A phrase beginning "Rock of Israel" is part of the morning prayers in some versions of the prayerbook, where it is recited immediately before the Shemonah Esrei prayer.

== Controversy ==
The term "Rock of Israel" was subject of controversy just before the promulgation of the Israeli Declaration of Independence on 14 May 1948. The leaders present at the ceremony and who were to be signatories of the declaration believed that the declaration should express the fundamental values and principles that would define the new state, which would give the Jewish people a homeland in Palestine.

The Jewish religious leaders, led by Rabbi Fishman-Maimon wanted a clear reference to God by the usage of the words "The Rock of Israel and its Redeemer." However, a large segment of the Jewish leadership included those with secular and socialist convictions who sought a clear separation of church and state. Aharon Zisling, the left-wing leader of Mapam refused to sign the declaration of independence if it contained references to "a God in whom he did not believe." The disagreement threatened to derail the actual and ceremonial proclamation of the establishment of a Jewish state in the former British Mandate of Palestine.

Israeli leader David Ben-Gurion, who would become the country's first Prime Minister, spent the morning of 14 May mediating the dispute between Rabbi Maimon and Zisling. After hours of talks, Rabbi Maimon agreed to leave out the term "Redeemer" from the text of the declaration.
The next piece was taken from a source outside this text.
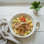 Succulent lamb cutlets meet a hearty potato stew, a twist on patatas bravas. Perfect with Rioja!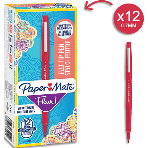 PAPERMATE Stylo feutre Flair Original, pointe M Trait 0,7 mm Rouge

The compromise was included without a final vote.

Later in his life Ben-Gurion is said to have explained that to him, "Rock of Israel" meant "the Old Testament with its history and traditions" or "Tzahal" (the Israeli army).

==English translation==
Significantly, the whole passage containing the words "Rock of Israel" was not included in the English-language translation that was released for publication, owing to the military censorship imposed to keep the time and place of the ceremony secret in the wake of the war that was about to begin.

Despite Ben-Gurion's conviction that "Rock of Israel" was not necessarily a religious term, the official English translation composed by Moshe Sharet, and cited in official documents, rendered it as "Almighty God." It was not until 1962 that the Israeli government changed it to the more literal "Rock of Israel".